Crispy Chilli Beef

Not a Chinese original, more a product of the takeaway I believe! Tasty though, and a family pleaser.
- 600g Striploin Steak, cut into thin strips
- 500g cornflour seasoned with salt and black pepper
- 4 cm piece of ginger, fine chopped
- 8 garlic cloves, fine chopped
- 6 fresh bird’s-eye chillies, deseeded and cut in rings
- 1 large handful of coriander, rough chopped
- 8 green onions, white part cut in 2cm pieces, green part 1cm chopped
- vegetable oil
The Marinade
- 2 tsp sesame oil
- 1 tsp large pinch of granulated sugar
- 1 tablespoon dark soy sauce
- 1 egg
The Sauce
- 1⁄2 tablespoon dark soy sauce
- 3 tablespoons tomato ketchup
- 6 tablespoons Chinkiang black rice vinegar
- 4 tablespoons honey
Cut beef into thin strips and place in marinade for 1 hour.
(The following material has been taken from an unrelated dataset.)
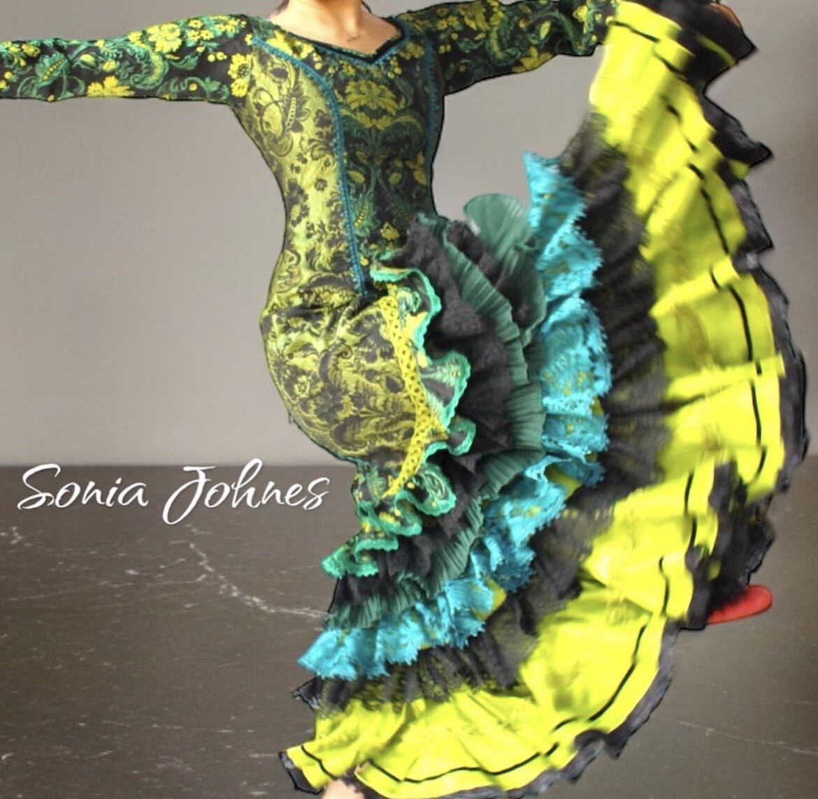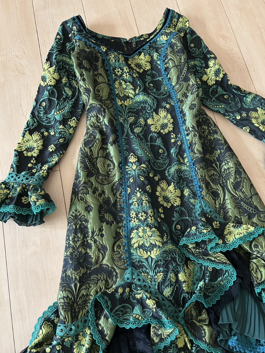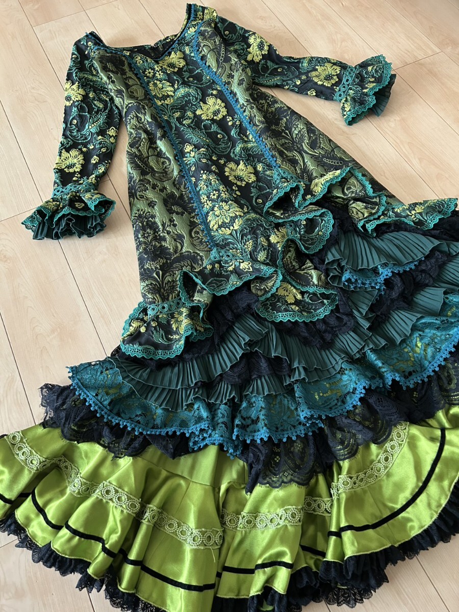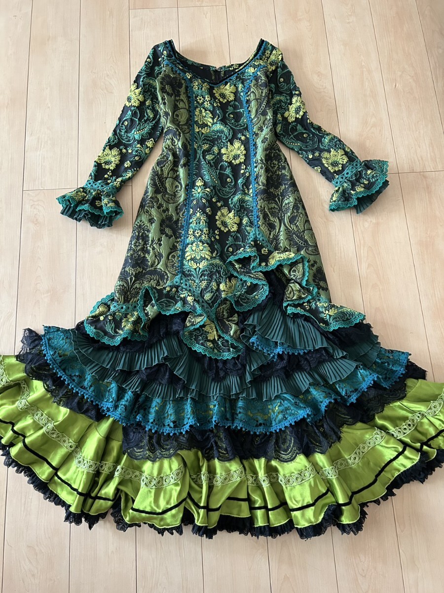 ★ソニアさんの見本衣装(画像13枚目)ファルダ部分のレースボランテをターコイズからグリーンに変更してます。

Meanwhile heat the oil in a wok to 180 degrees C. Place cornflour on a tray and coat beef completely removing excess and place on plate. Deep fry beef in small batches for 3 to 4 minutes. Remove to kitchen paper. Remove oil, clean wok, reheat with a small amount of oil. Fry the garlic, ginger, chilli, white part of green onion for 1 minute. Add sauce and let thicken. Add the beef back to wok and toss to coat all the beef. Garnish with coriander and serve with basmati rice.